NASA Exoplanet Archive

The exoplanet census reached this milestone with a recent batch of 65 exoplanets confirmed thanks to data from NASA’s now-defunct K2 mission, the “second life” of the prolific Kepler space telescope.

Following these latest findings, NASA’s official exoplanet count now stands at 5,005.

“It’s not just a number,” said Jessie Christiansen, a research scientist at NASA’s Exoplanet Science Institute at Caltech in Pasadena, California. “Each exoplanet discovered represents a new world. I get excited about all of them because we don’t know anything about them.”

An exoplanet is any planet that is beyond our solar system, which may or may not be (like Earth) in the habitable zone of its system.

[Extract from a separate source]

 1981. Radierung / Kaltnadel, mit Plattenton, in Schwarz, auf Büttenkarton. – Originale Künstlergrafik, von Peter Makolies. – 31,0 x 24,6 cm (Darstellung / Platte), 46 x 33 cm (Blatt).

In the 30 years since scientists discovered the first planets orbiting another star, they are now so common that astronomers expect most stars to host at least one planet. So we ‘ve probably just scratched the surface of everything out there . 5,000 exoplanets is a small number compared to what is likely to actually exist. The more we find, the closer we will be to detecting life on another planet.

The Kepler space telescope, launched in 2009, contributed more than 3,000 confirmed exoplanets to the list, with another 3,000 candidates awaiting review.

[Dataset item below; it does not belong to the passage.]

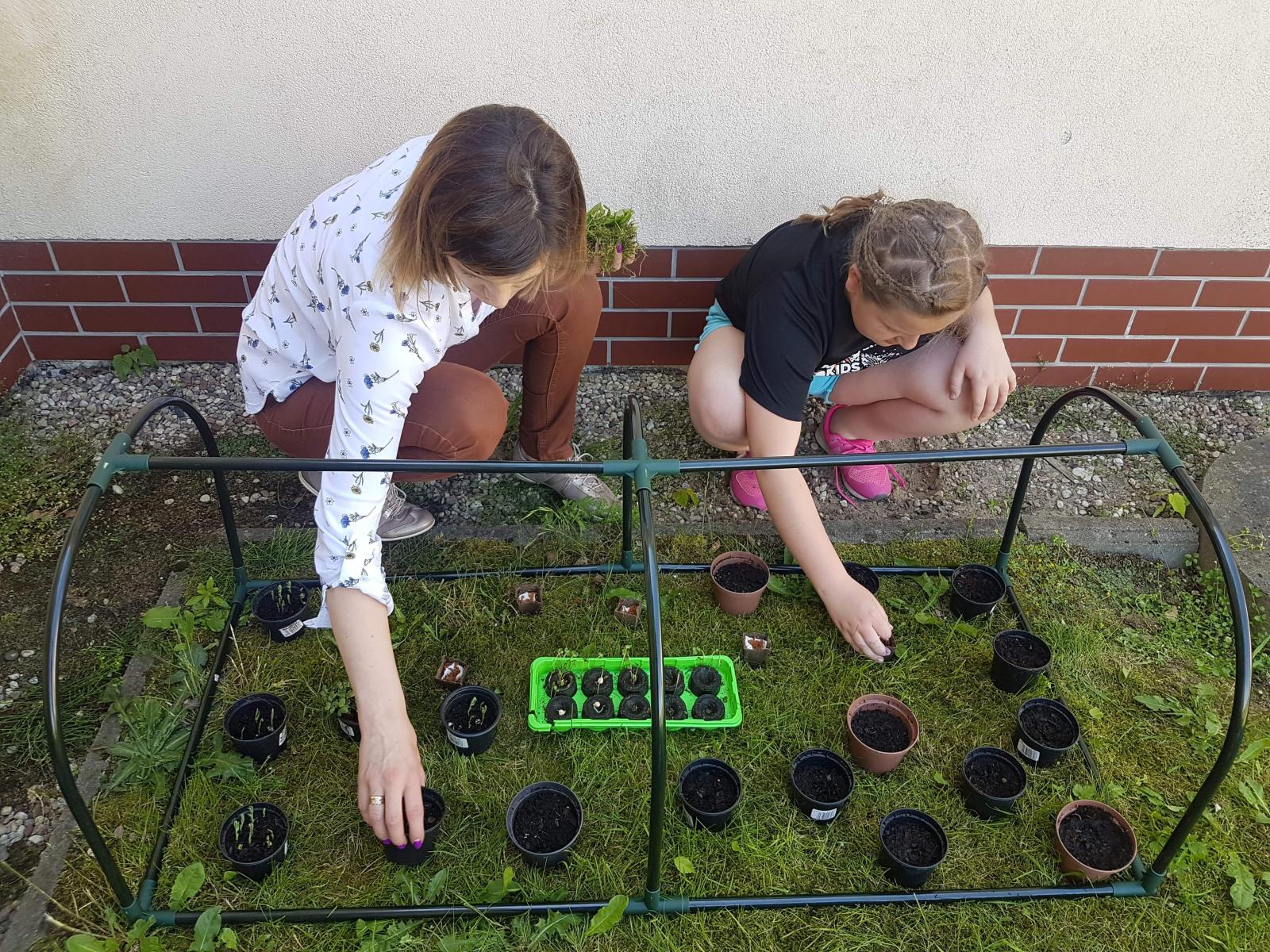 Posadzili sałatę, marchewkę, groszek i rzodkiewkę. Aby przyśpieszyć uprawę roślin i ochronić je przed szkodliwymi warunkami zewnętrznymi, przykryli warzywa tunelem ogrodniczym. Teraz codziennie ich doglądają, podlewają i czekają na pierwsze plony.

What are these exoplanets like?

The exoplanets found so far include small, rocky worlds like Earth, gas giants many times larger than Jupiter, and “hot Jupiters” in scorchingly close orbits around their stars. Most are gaseous, like Jupiter or Neptune, rather than terrestrial, according to NASA’s online database.

Among the recently confirmed exoplanets is K2-377 b , a ‘super Earth’ with a mass of 3.51 Earths that takes 12.8 days to complete one orbit around its star. Some exoplanets orbit two stars at once, like the planet Tatooine from the 1977 “Star Wars” movie.

 

And how are planets outside the solar system detected?

Studying exoplanets directly is very tricky because they are small, very faint, very distant, and often very close to a bright star whose light drowns out anything the exoplanet might reflect.

There are several techniques. Most are detected by measuring the dimming of the star as an object passes in front of it, called the transit method. Another way to detect exoplanets is the Doppler method, which measures the ‘wobble’ of stars due to the gravitational pull of orbiting planets.

These planets are at the root of the Fermi paradox, which states that we should have detected extraterrestrial life given the fact that there are probably billions of exoplanets in the Milky Way alone. Newer instruments like the James Webb Space Telescope launched in Christmas 2021 are likely to unlock a wealth of new information about alien worlds. At some point, we will find some kind of life somewhere, many scientists think.

“Not only are we going to find lots and lots of exoplanets, but we are also going to start being able to characterize the planets,” the experts say.

Referencia: Jet Propulsion Laboratory. NASA. Cosmic Milestone: NASA Confirms 5,000 Exoplanets. March 21, 2022.

J.L. Christiansen et al. Scaling K2. V. Statistical validation of 60 new exoplanets From K2 campaigns 2–18. arXiv:2203.02087. Submitted March 4, 2022. doi: 10.48550/arXiv.2203.02087.